Assigned task
In the entries that follow, repeat exactly the lines from the one that has "With its cool, contemporary" through the one that has "While Copart’s management", but omit pictures.

Exercise data
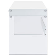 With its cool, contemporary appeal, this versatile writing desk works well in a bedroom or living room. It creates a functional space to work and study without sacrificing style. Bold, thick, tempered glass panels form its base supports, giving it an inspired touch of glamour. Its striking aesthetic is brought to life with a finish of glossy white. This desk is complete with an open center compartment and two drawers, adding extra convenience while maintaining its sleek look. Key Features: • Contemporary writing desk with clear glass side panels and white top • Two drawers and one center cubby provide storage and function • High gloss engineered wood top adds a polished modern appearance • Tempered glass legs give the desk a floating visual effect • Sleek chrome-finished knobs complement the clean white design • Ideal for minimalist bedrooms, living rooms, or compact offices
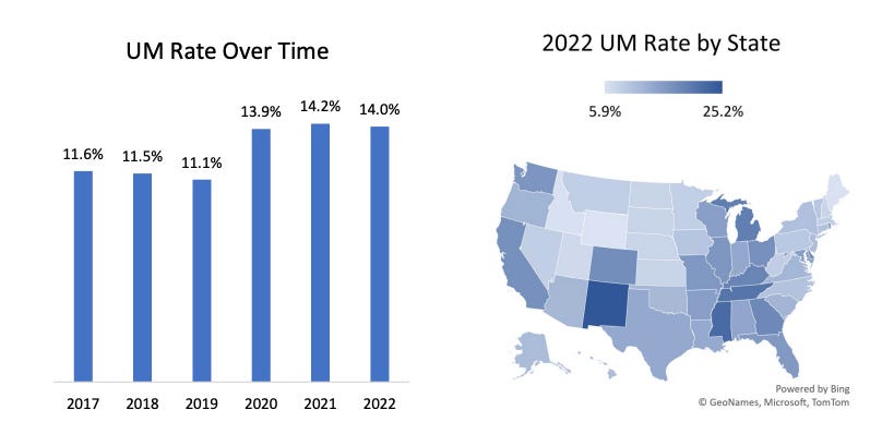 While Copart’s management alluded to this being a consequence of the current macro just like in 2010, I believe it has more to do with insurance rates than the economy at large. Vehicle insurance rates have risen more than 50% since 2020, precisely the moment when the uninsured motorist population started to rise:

---

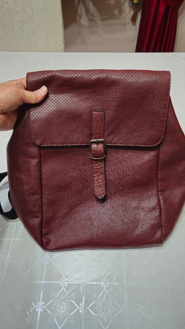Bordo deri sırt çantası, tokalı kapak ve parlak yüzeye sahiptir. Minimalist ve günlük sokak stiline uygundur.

Exercise solution
 With its cool, contemporary appeal, this versatile writing desk works well in a bedroom or living room. It creates a functional space to work and study without sacrificing style. Bold, thick, tempered glass panels form its base supports, giving it an inspired touch of glamour. Its striking aesthetic is brought to life with a finish of glossy white. This desk is complete with an open center compartment and two drawers, adding extra convenience while maintaining its sleek look. Key Features: • Contemporary writing desk with clear glass side panels and white top • Two drawers and one center cubby provide storage and function • High gloss engineered wood top adds a polished modern appearance • Tempered glass legs give the desk a floating visual effect • Sleek chrome-finished knobs complement the clean white design • Ideal for minimalist bedrooms, living rooms, or compact offices
 While Copart’s management alluded to this being a consequence of the current macro just like in 2010, I believe it has more to do with insurance rates than the economy at large. Vehicle insurance rates have risen more than 50% since 2020, precisely the moment when the uninsured motorist population started to rise:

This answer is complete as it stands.